父の裏切り、ナチス占領下でのトラウマ、奪われたバレエの夢、幾度の離婚…息子が描く知られざる人生

暴露するようにではなく、だが本音の部分にかなり踏み込んだ内容は、本当に彼女をよく知る人々の協力を得たからこその説得力がある。

26歳の監督が綿密なリサーチのもと完成

1929年に誕生したヘプバーンが幼くして父と離別し、オランダ貴族だった母の故郷で育った少女時代は第二次世界大戦の最中だった。両親の離婚で受けたトラウマは母との関係にも影を落としたという。最晩年の1992年に行った「ライフ」誌のインタビューに応えて、率直にその時の心情を語る本人の肉声をはじめ、貴重な素材や証言が次々と登場する。

優雅で快活で完ぺきな美の象徴だったヘプバーンは、実はとてもシャイな性格で常に不安に苛まれ、その一方で惜しみなく愛を与え、愛されることも切望していた。そんな実像を誠実に伝えるのは、26歳のイギリス人監督、ヘレナ・コーンだ。リサーチに3年を費やし、2020年コロナ禍のロックダウン期間中にドキュメンタリーを完成させた。本作には、祖母が亡くなった翌年に生まれた孫のエマ・ファーラーが登場し、「オードリーが隠し続けた秘密は、彼女が悲しんでいたことです」と語る。ヘプバーンの生きた時代を知らない世代の視点で作られていることもポイントだ。

『オードリー・ヘプバーン』

(C)Sean Hepburn Ferrer

2度の離婚、自分を捨てた父との再会、絶望は消えることなく

『ローマの休日』で大ブレイクし、アカデミー主演女優賞にも輝いたヘプバーンは2度結婚、離婚をしている。一男をもうけた俳優のメル・ファーラーとは14年間、イタリアの精神科医アンドレア・ドッティとも一男をもうけたが、結婚11年で離婚している。先出の孫、エマの父であるショーン・ヘプバーン・ファーラーは、彼の母親は夫に父親的なものを求めていたのではないかと語っている。

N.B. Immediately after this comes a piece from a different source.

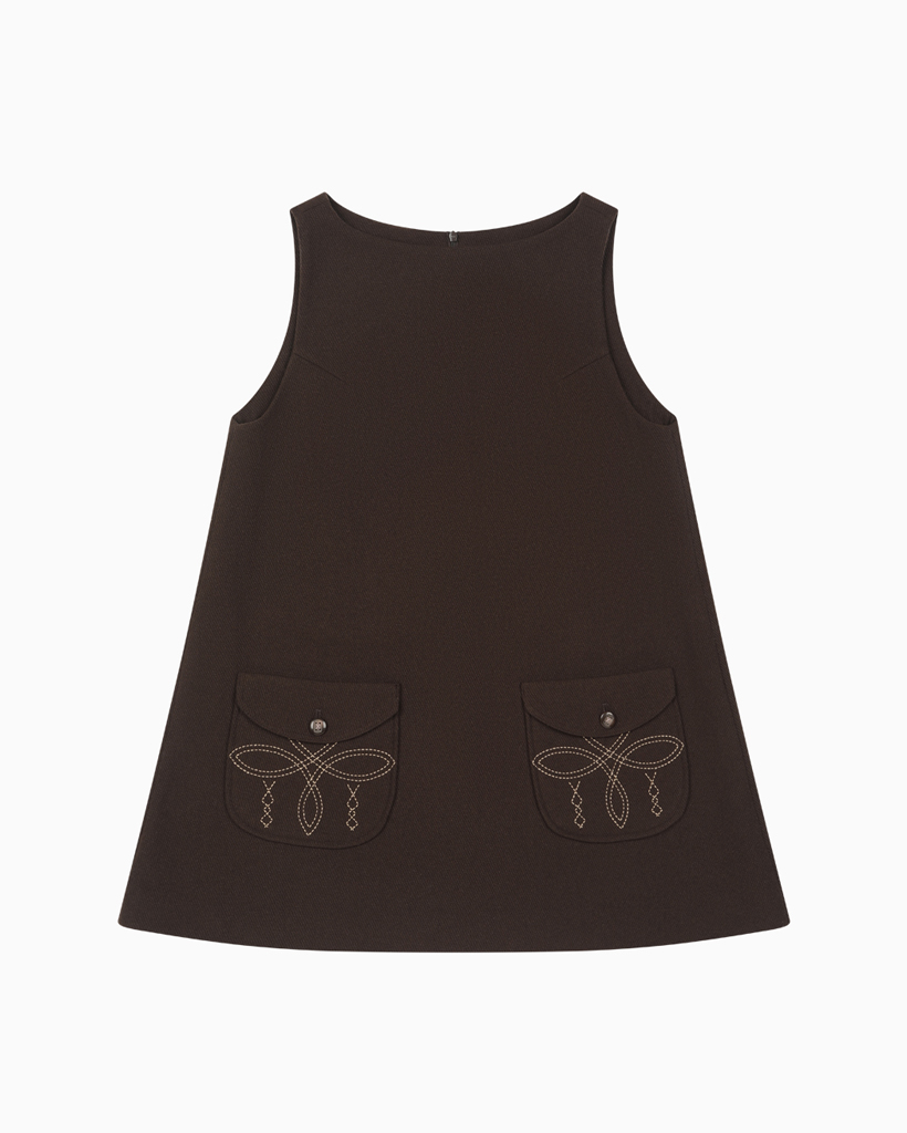 WESTERN STITCH POCKET DRESS, BROWN

ヘプバーンは成功を収めた後、疎遠だった父親を探し出したが、その再会は苦いものだったという。幼い頃に父に捨てられた絶望は消えることがなく、愛情に対して不安を覚えたり過剰反応したり、愛情を与えたいという思いも人一倍強くなる。ヘプバーンは愛についてもポジティブな名言をいくつも遺しているが、その言葉が生まれてきた背景は実につらく厳しいものだった。

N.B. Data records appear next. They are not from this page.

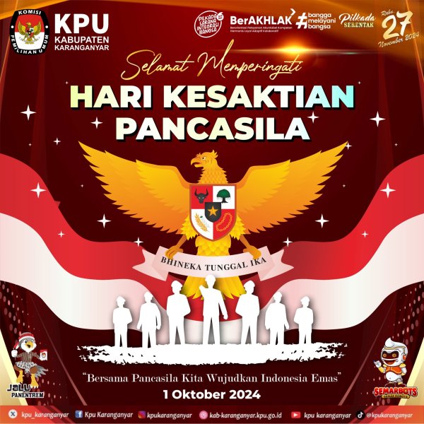 segenap jajaran KPU Kabupaten Karanganyar mengucapkan Selamat Hari Kesaktian Pancasila 1 Oktober 2024 "Bersama Pancasila Kita Wujudkan Indonesia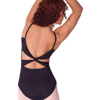 Stand out from the rest in the Camisole Leotard with Twist Back. This leotard stretches and twists like a dream. It features a self-fabric shelf bra for added support during every movement and a scoop front neckline and twist-back detail that will make you feel like a superstar on stage. The front empire seam adds a touch of glamour, while the moderate leg line keeps everything in place during your performance.
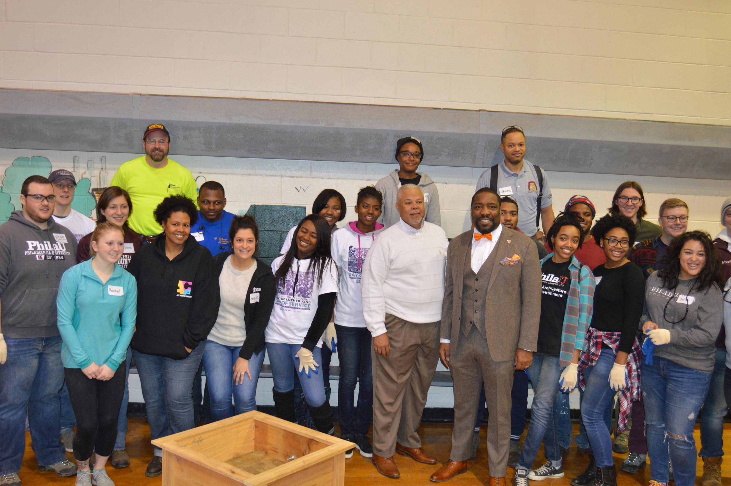 On January 16, 2017, ACE Mentor Program/GBCA/NRCC/Turner Construction Company made the MLK Day of Service 2017 project a HUGE success! There were over 150 volunteers at Francis Myers Recreational Center on Monday. Over 60 people helped construct about 40 cedar flower boxes to beautify the block of Cecil Street adjacent to the Cecil Street Garden. And the flower boxes were gorgeous! A few special thank yous: Tiffany Millner of ACE Mentor Program of Eastern PA for all her help planning and executing. Marsha Wall and Victoria Chambliss from Empowered CDC for orchestrating so many details. Turner Construction Company’s awesome crew of carpenters who joined us, led the project, provided tools and lumber, and did the take-off. Tague Lumber who helped with the materials. Councilman Johnson and Senator Williams, and their entire teams – it meant so much to the community and our volunteers that you joined us! Mungu Sanchez, Rob Naughton, and the Northeast Regional Council of Carpenters who provided some amazing skilled labor to help us out and lead our teams, and the Carpenters JAC who did all of our precuts! Kim Douglas and all the students who came from Philadelphia University to help! And every single person who had a hand in building and planning! What a way to kick off a successful 2017!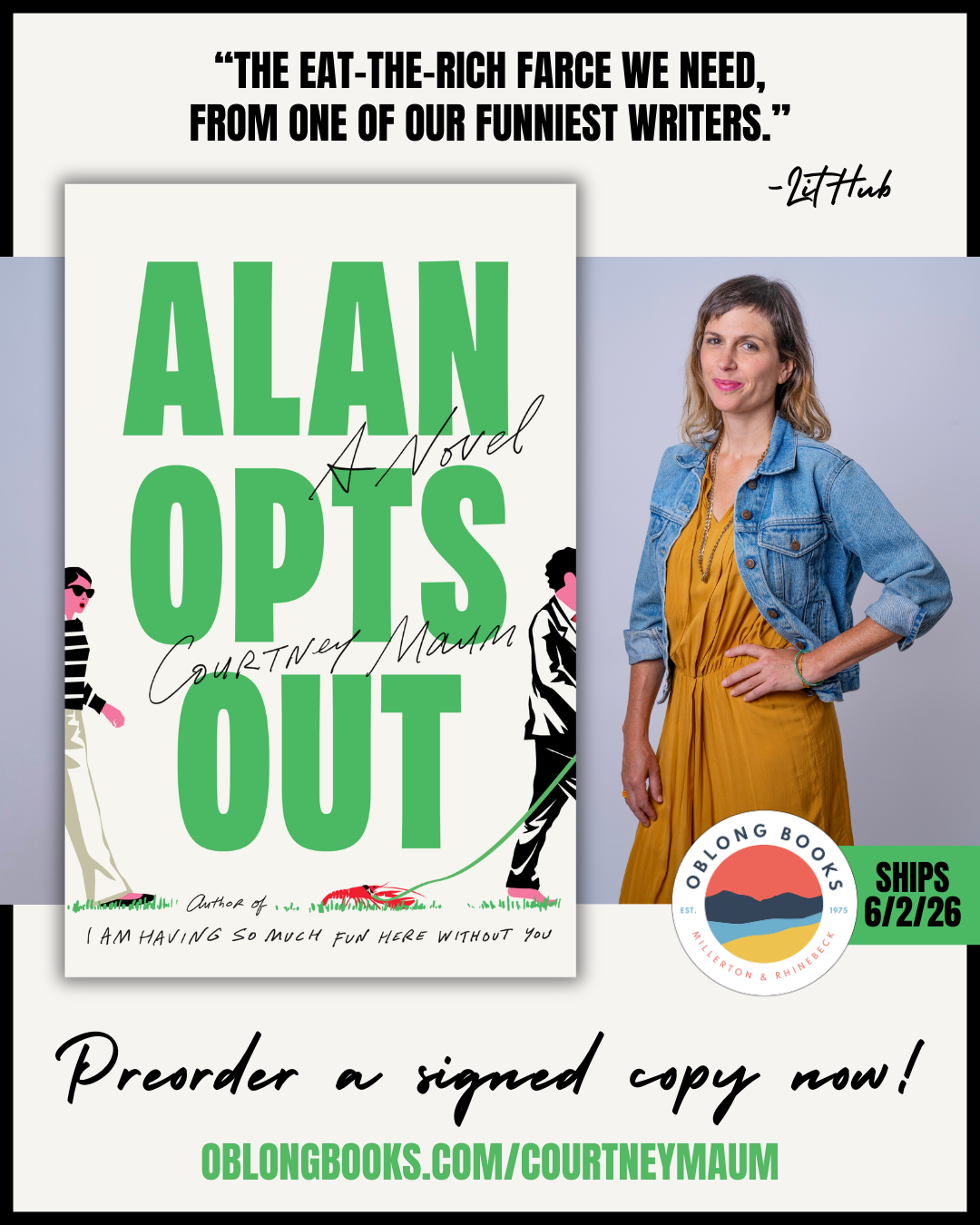 This development is anathema to his wife, Vivian. She’s just a few positive affirmations, a swimming pool, and a series of social tests away from finally becoming a part of an elite women’s club in their adopted town of Greenwich, Connecticut. While contending with a daughter who wants to write plays and another who has an unnatural empathy with animals, she can only watch as Alan moves into their backyard playhouse to live off the land and—worse—spend time with the family. But instead of shocking the neighbors, Alan’s commitment to a less-is-more lifestyle seems to be catching on. Could everyone want what Alan’s not selling? coming June 2, 2026 from Little Brown and available for purchase now. You can get a signed copy and a lobster sticker via Oblong Books

第二次世界大戦末期の1944年、オランダは大飢饉が発生し、ヘプバーンも栄養失調から貧血や喘息などに苦しんだが、その折にユニセフの前身団体の救援物資に助けられたという。この体験がのちに、ユニセフ親善大使として活動するきっかけになった。

ユニセフ親善大使として愛を惜しみなく与えた

劇映画出演は1989年のスティーヴン・スピルバーグ監督作『オールウェイズ』が最後となったが、ほぼ同時期から打ち込んだのが、自らの名声を活かした人道支援活動だ。ユニセフ親善大使として、貧困や飢饉に苦しむ世界各地の人々の元を訪ねた様子も本作に登場する。栄養不良や病気で痩せ細った子どもたちの立場を深く理解し、優しい笑顔で寄り添う。そして、戦争や紛争のしわ寄せが子どもたちに及ぶ悲劇への怒りと支援を訴えて発信し続けた晩年は、ヘプバーン自身が子どもの頃から抱え続けた愛にまつわる心の傷を癒す過程のようにも見える。

分け隔てなく惜しみない愛を与えること、これこそが彼女の天命だったのかもしれない。紆余曲折を経た最後に美しい輪となって閉じた、見事な生涯に感銘を受ける。(文:冨永由紀/映画ライター)

『オードリー ・ヘプバーン』は2022年5月6日より公開。